1.3 Получение ферментных препаратов из культур микроорганизмов

1.3.1 Принципиальная схема получения ферментных препаратов

1.3.2 Технологическая схема получения очищенных ферментных препаратов

1.3.3 Получение неочищенных ферментных препаратов

1.3.4 Экстрагирование ферментов

1.3.5 Концентрирование ферментных растворов методом вакуум-выпаривания

1.3.6 Другие промышленные методы очистки, концентрирования и стабилизации ферментных препаратов

1.4 Микробиологический и биохимический контроль производства

1.5 Охрана труда и техника безопасности на предприятиях, выпускающих ферментные препараты

2. Производство протеолитических ферментных препаратов

2.1 Источники получения протеиназ

2.2 Механизм действия, свойства и классификация протеиназ

2.3 Получение микробных протеиназ

2.3.1 Технологические схемы производства микробных протеиназ

2.3.2 Продуценты

2.3.3 Регуляция синтеза протеиназ

2.3.4 Питательные среды и условия культивирования

2.3.5 Выделение ферментов

2.4 Производственные стоки

 


Введение

Производство ферментных препаратов занимает одно из ведущих мест в современной биотехнологии и относится к отраслям, объём продукции которых постоянно растёт, а сфера применения неуклонно расширяется. Такое быстрое развитие связано с тем, что ферменты являются высокоактивными, нетоксичными биокатализаторами белкового происхождения, которые широко распространены в природе, без них невозможны осуществление многих биохимических процессов и жизнь в целом.

Познание роли ферментов для всего живого на Земле послужило основой для становления и развития технологии ферментных препаратов как науки и для создания промышленного производства наиболее широко используемых ферментных препаратов. Применение этих препаратов помогло существенно изменить, интенсифицировать и усовершенствовать многие существующие технологии или даже создать принципиально новые высокоэффективные процессы. Применение ферментных препаратов различной степени очистки позволило не только улучшить показатели и выходы в различных биотехнологических процессах, но позволило усовершенствовать кормопроизводство, повысить усвояемость кормов, сделать более целенаправленным и эффективным действие синтетических моющих средств, улучшить качество косметических препаратов, создать целый арсенал специфических, чувствительных и точных аналитических методов, наладить производство лекарственных и профилактических средств для медицинской промышленности и т. д.

Большим и неоспоримым достоинством ферментов перед химическими катализаторами является то, что они действуют при нормальном давлении, при температурах от 20 до 70 °С и рН в диапазоне от 4 до 9 и имеют в большинстве случаев исключительно высокую субстратную специфичность, что позволяет в сложной смеси биополимеров направленно воздействовать только на определенные соединения. Все это свидетельствует о том, что производство ферментных препаратов является одним из перспективных направлений в биотехнологии, которое будет и далее интенсивно развиваться и расширяться.

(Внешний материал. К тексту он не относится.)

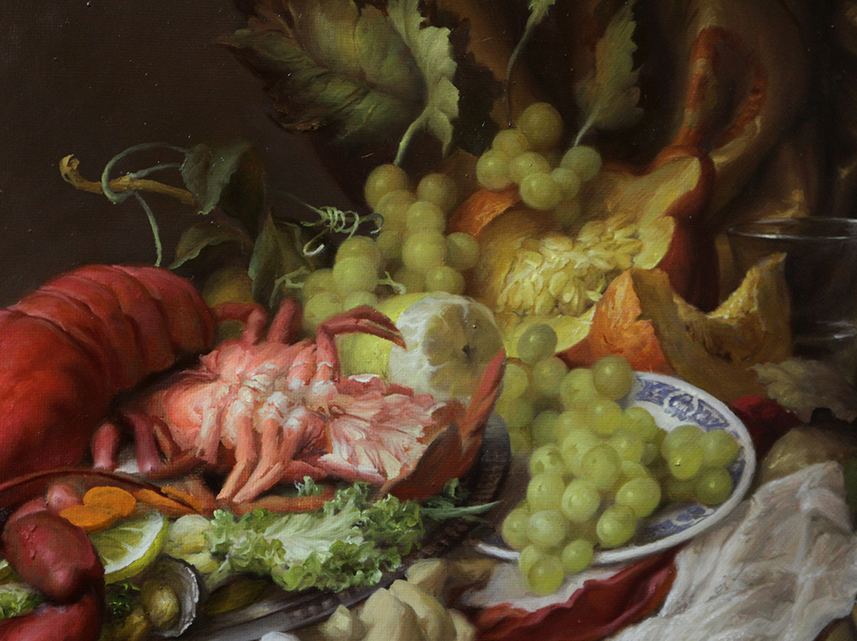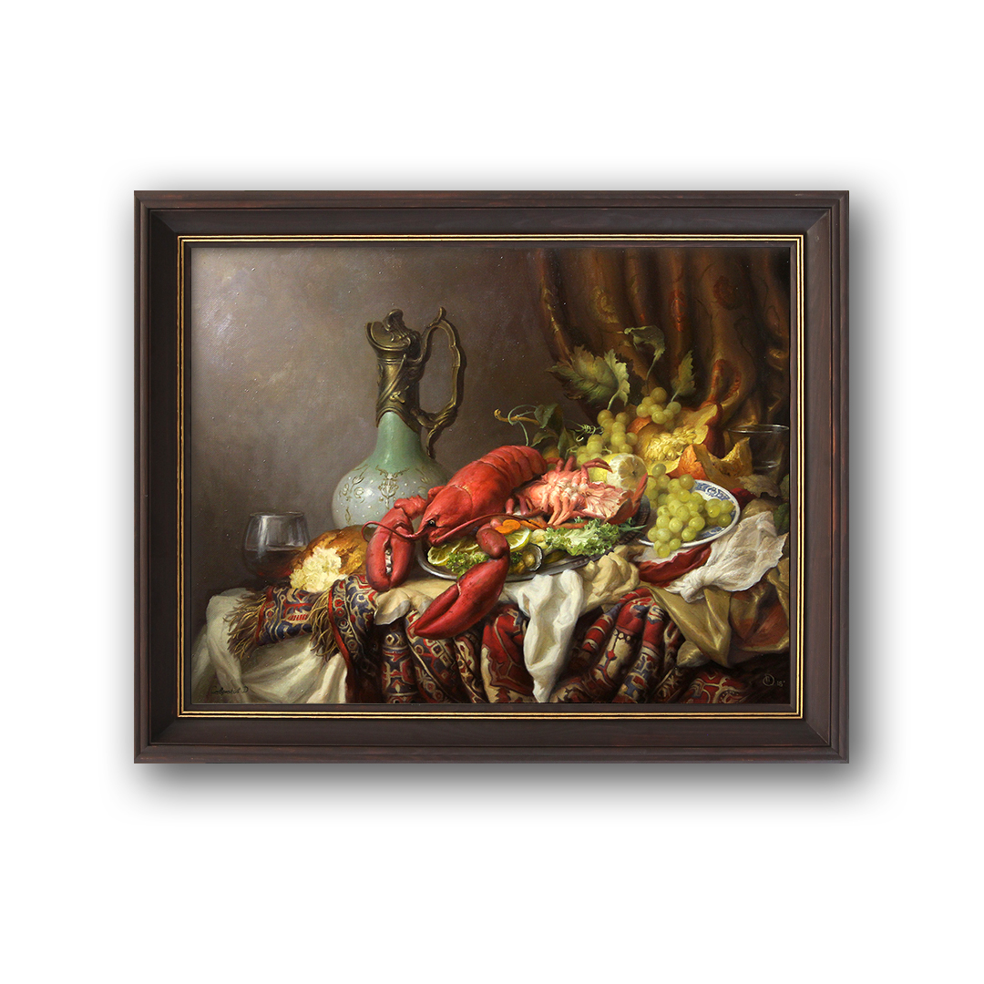 На картине изображён роскошный натюрморт: на богато украшенной скатерти лежат приготовленный лобстер, тарелка с виноградом и другими фруктами, ломтики лимона, зелень. Рядом — изящный кувшин с крышкой и бокал с напитком. Фон выполнен в тёплых, приглушённых тонах, что подчёркивает яркость и сочность продуктов. Композиция обрамлена тёмной рамой с золотой окантовкой.
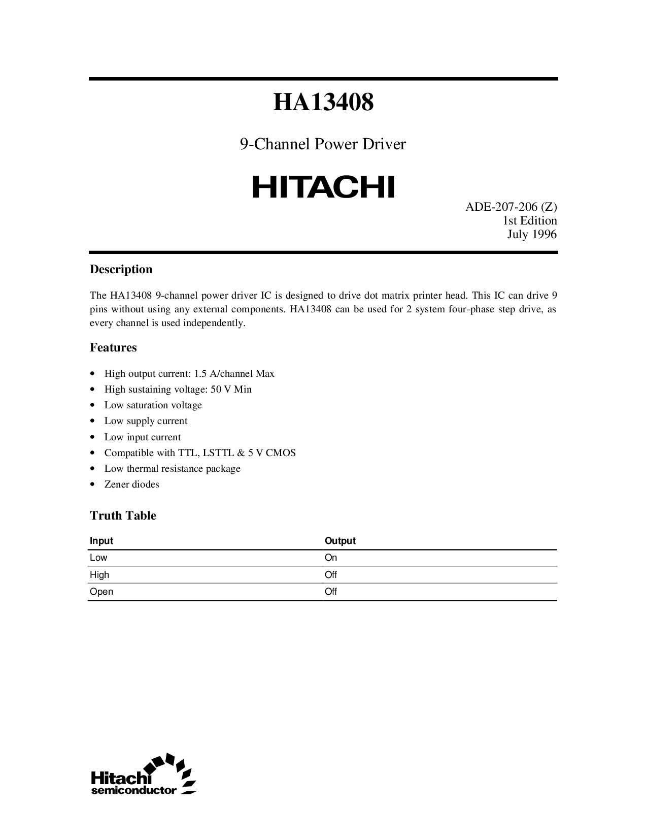 这 ha13408 9-频道 电源 驾驶员 集成电路 是 设计 至 驱动器 圆点 矩阵 打印机 封头. 这个 集成电路 可以 驱动器 9
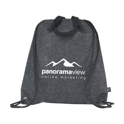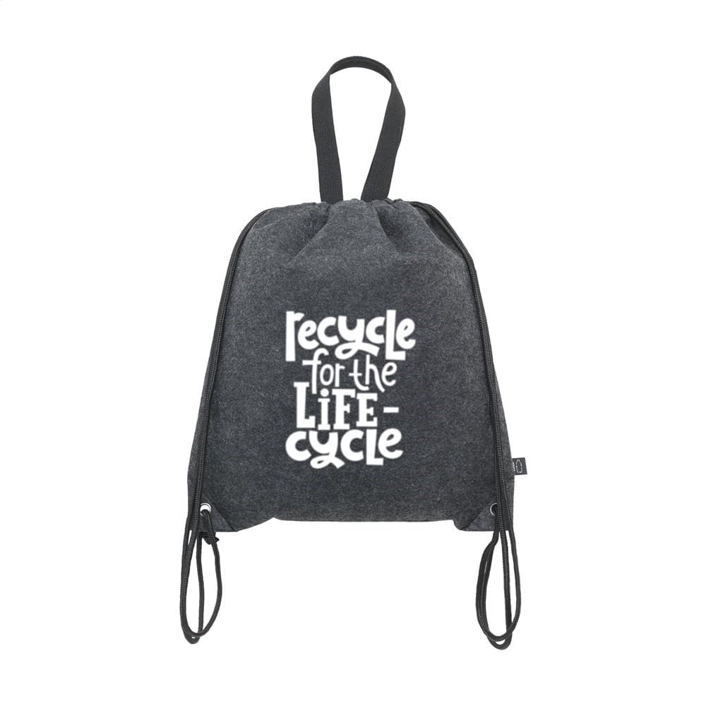 WoW! Milieuvriendelijke rugzak van RPET vilt (gemaakt van gerecyclede PET-flessen en gerecycled textiel). Met aanrijgkoorden en handige draaglussen. Inhoud ca. 11,5 liter.

Традиционно ферментативные препараты получают либо при поверхностном, либо при глубинном способе культивирования продуцента. Глубинный способ ведения процесса имеет ряд существенных преимуществ перед поверхностным культивированием, т. к. позволяет существенно автоматизировать процесс, в ряде случаев значительно сократить объёмы отходов, проводить процесс непрерывно, сократить в 2 – 4 раза площади цехов, а также позволяет использовать анаэробных продуцентов.


Классификация и номенклатура ферментов и ферментных препаратов

По современной классификации все ферменты делятся на шесть основных классов по типу катализируемой реакции: 1) оксидоредуктазы; 2) трансферазы; 3) гидролазы; 4) лиазы; 5) изомеразы и 6) лигазы (синтетазы). Большинство промышленно важных ферментов, потребность в которых определяется десятками тысяч тонн, относятся к третьему классу – гидролазам. Подавляющее количество препаратов, выпускаемых различными фирмами мира, является комплексными, содержащими помимо основного фермента еще значительное количество сопутствующих ферментов и белков. Поэтому в технологии ферментов препараты чаще классифицируют по основному компоненту в смеси ферментов, присутствующих в данном препарате: амилолитические, протеолитические, липолитические и т. д.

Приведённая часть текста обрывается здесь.